Entre las muchas personas que me ayudaron con detalles para la novela, Marc Schuman me proporcionó información sobre la seta de la inmortalidad, Ganoderma lucidum, que al final contribuyó a mejorar mi salud. Michael Tilson Thomas me enseñó música compuesta para la mano izquierda, lo que me inspiró para crear el personaje del pianista con una sola mano. Josuha Robison me dio lecciones de lindy hop y de música de los años veinte. Los doctores Tom Brady y Asa DeMatteo me iluminaron sobre los perfiles psicológicos de niños secuestrados a las edades de tres y catorce años. Mark Moffett me informó acerca de lo que se ha descubierto sobre la evolución de las avispas conservadas en ámbar. Walter Kirn me convenció para que escribiera un relato corto para Byliner y su protagonista se abrió paso hasta convertirse en un importante personaje de la novela.
Por evitar que me descontrolara, a mi secretaria, Ellen Moore, que mantuvo a raya las distracciones y fue la voz de mi conciencia en lo referente a los plazos. Libby Edelson, de Ecco, hizo gala de un tacto y una paciencia notables cuando me retrasaba con los envíos o le mandaba documentos equivocados. La correctora Shelly Perron trabajó a contrarreloj y no sólo me ahorró muchos gazapos, sino que me indicó en más de una ocasión lo que le habría gustado saber como lectora. Agradezco enormemente la ayuda de muchas personas de la oficina de Sandy Dijkstra y también de Ecco, que han hecho suyo este libro y me han hecho sentir como en casa. No tenéis ni idea de lo culpable que me siento por no haber terminado antes, sobre todo cuando noto vuestro entusiasmo.

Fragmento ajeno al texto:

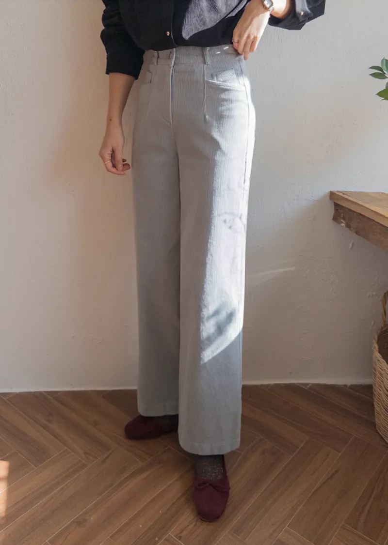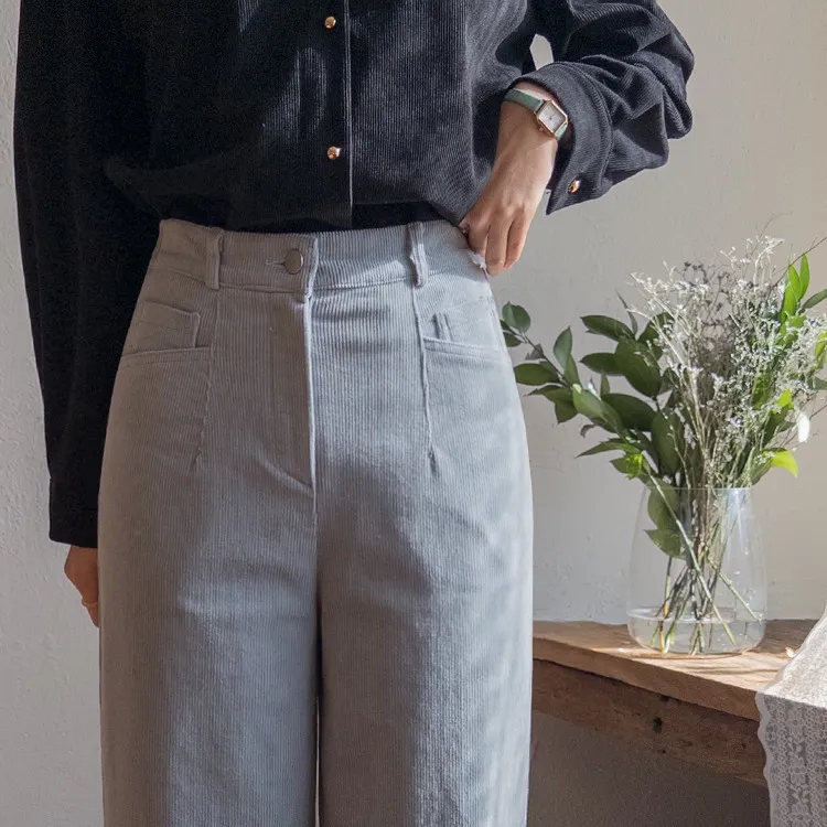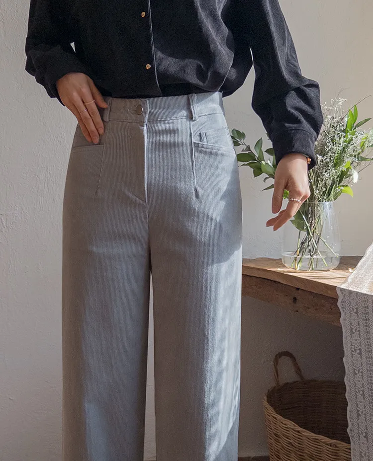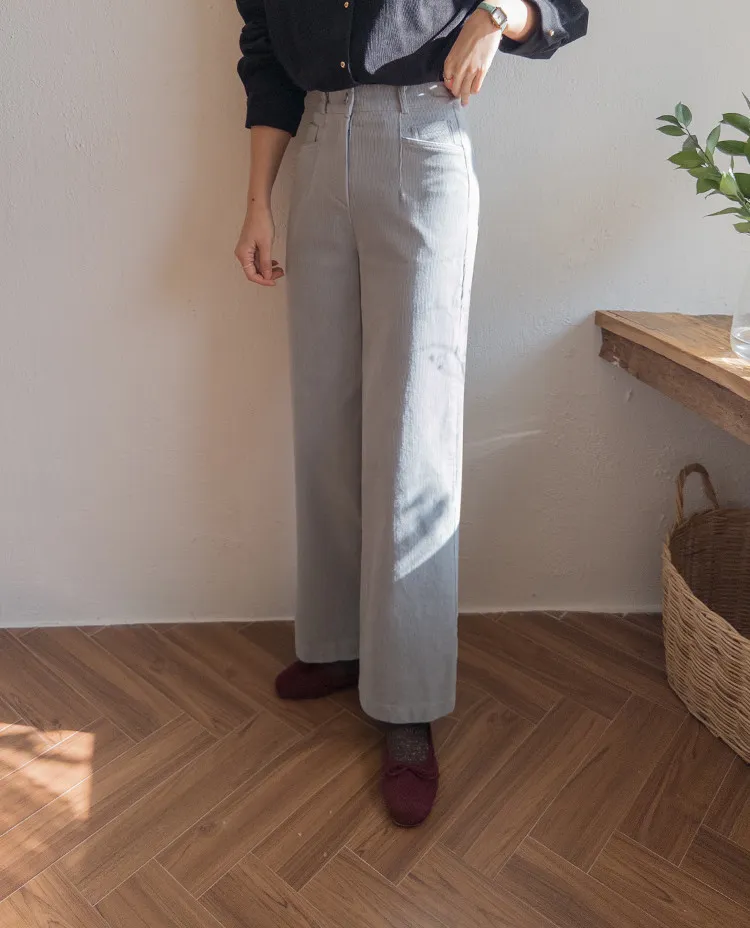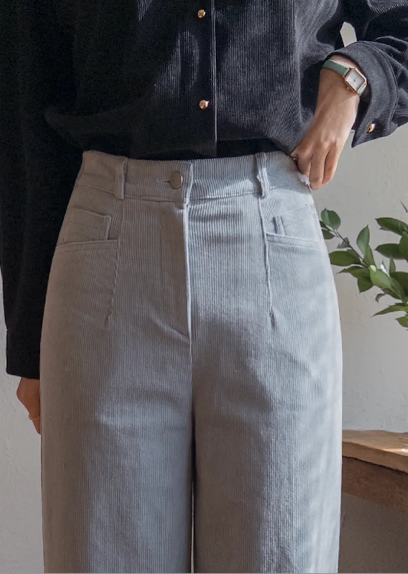 溫暖修長直筒版型獨特口袋剪裁設計燈芯絨休閒褲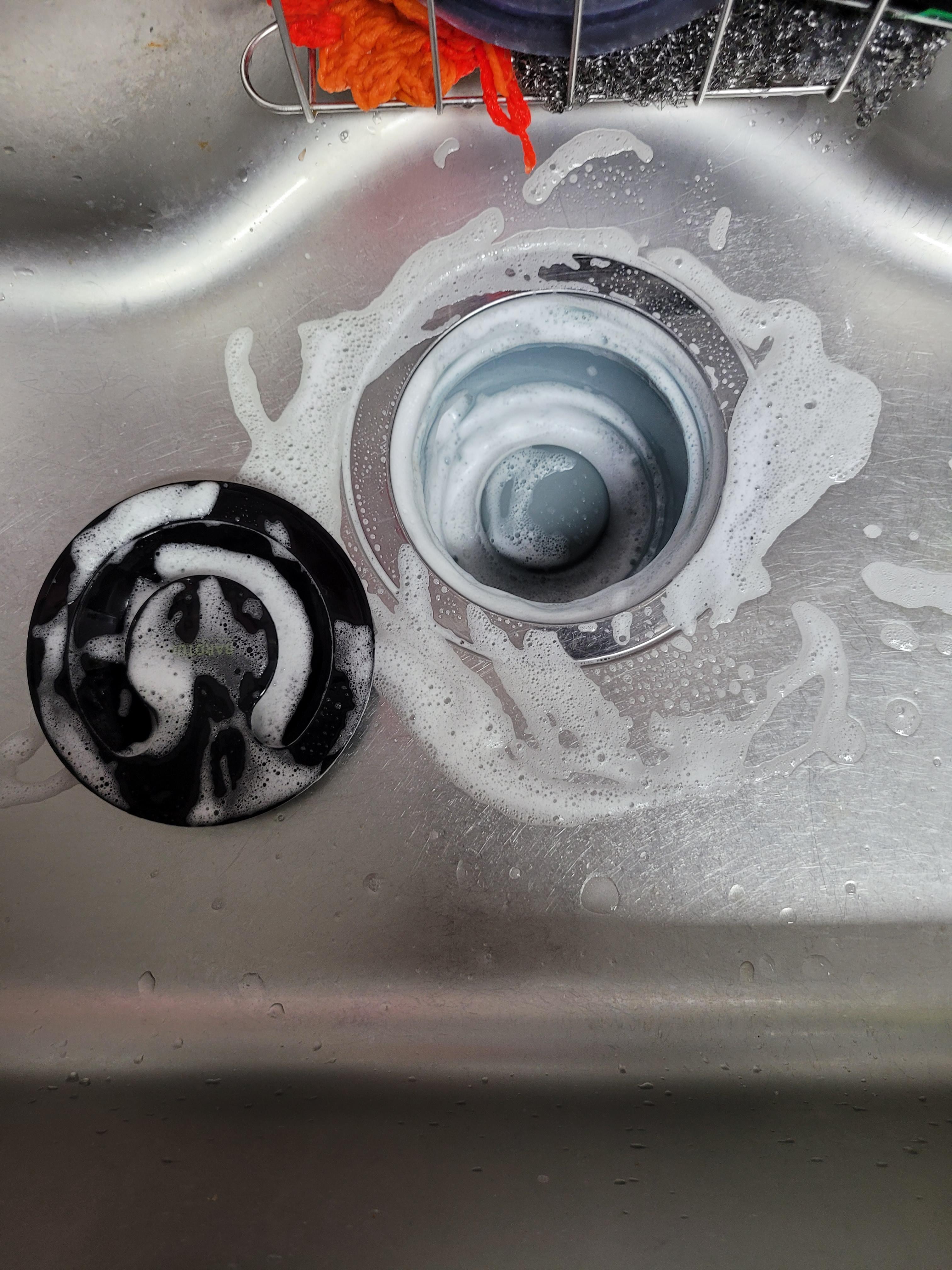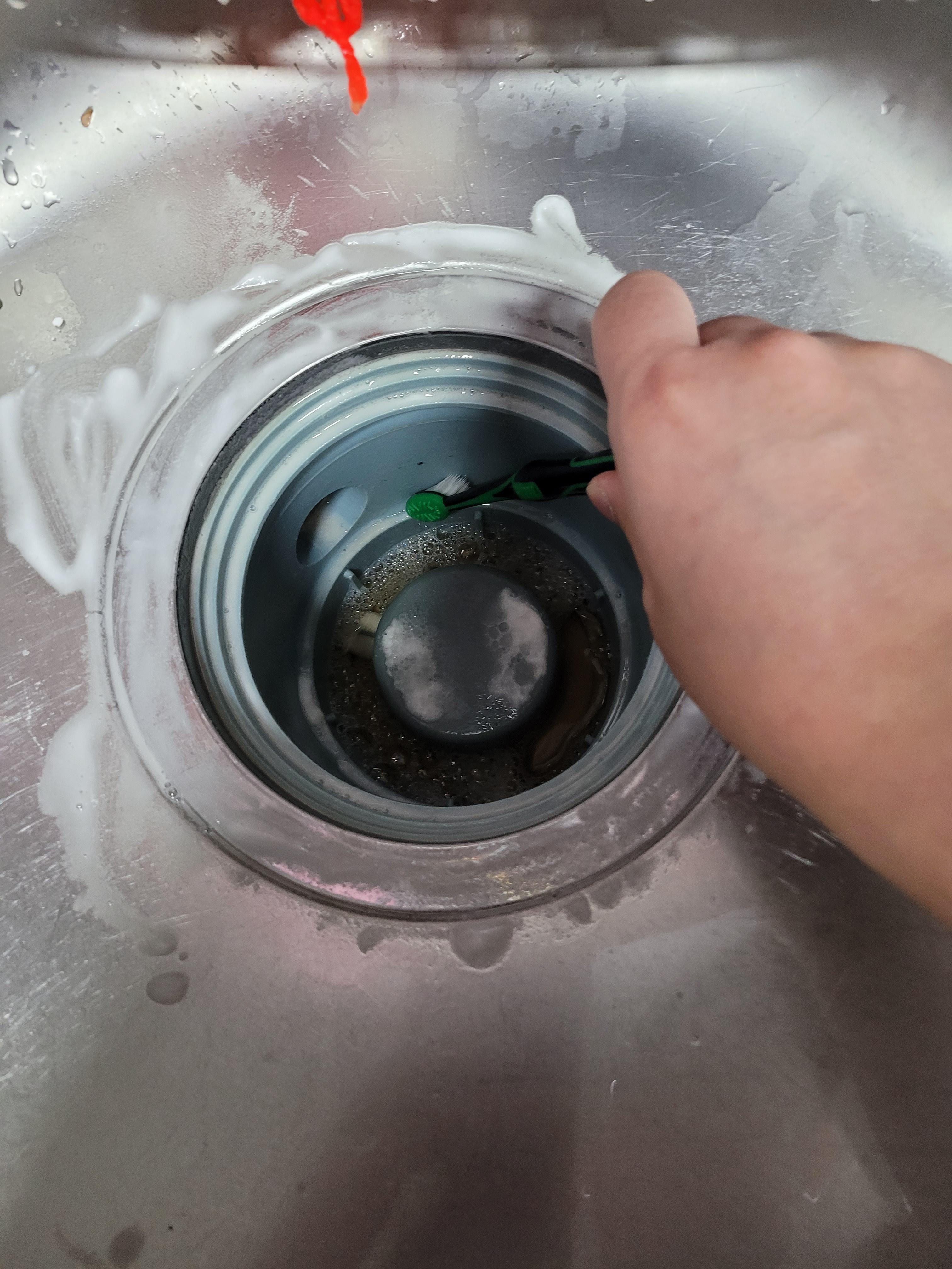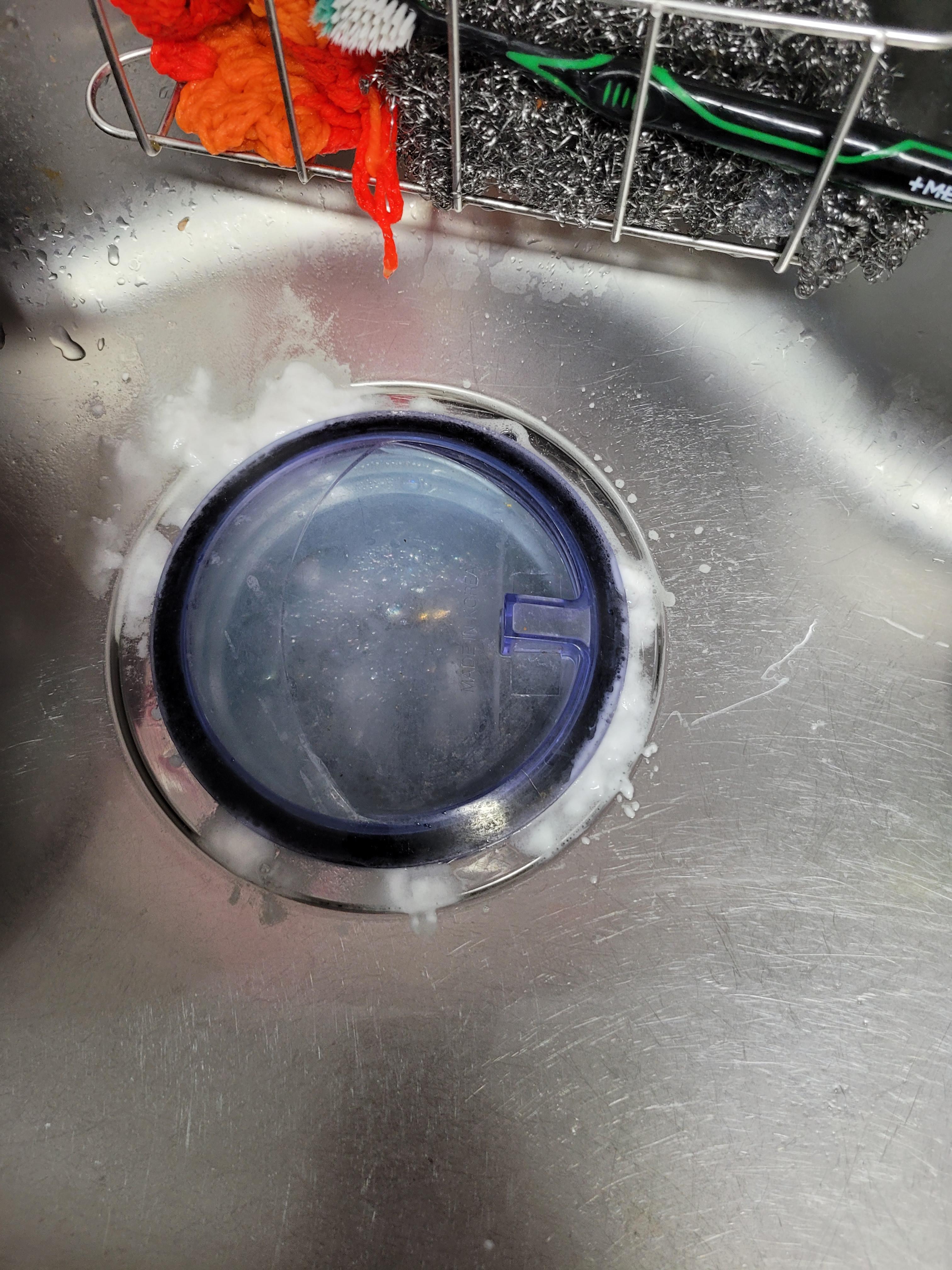 1. 주방세제를 이용해 싱크대 볼과 거름망, 배수구 뚜껑을 닦아줍니다.

Considero una gran suerte que este libro caótico haya caído en las acogedoras manos de Daniel Halpern, mi editor de Ecco. Después de ver aquellas primeras páginas, nunca demostró temor, sino únicamente entusiasmo y una confianza absoluta, lo que a su vez me transmitió seguridad. Me animó a terminar amablemente y nunca con exasperación, aunque muchas veces la exasperación habría estado justificada. Sus comentarios, su análisis crítico y su comprensión de la historia, tanto del conjunto como de los detalles, coincidieron con mis intenciones y con mis secretas esperanzas de lo que quería que fuera el libro. Los defectos del libro, sin embargo, son todos míos.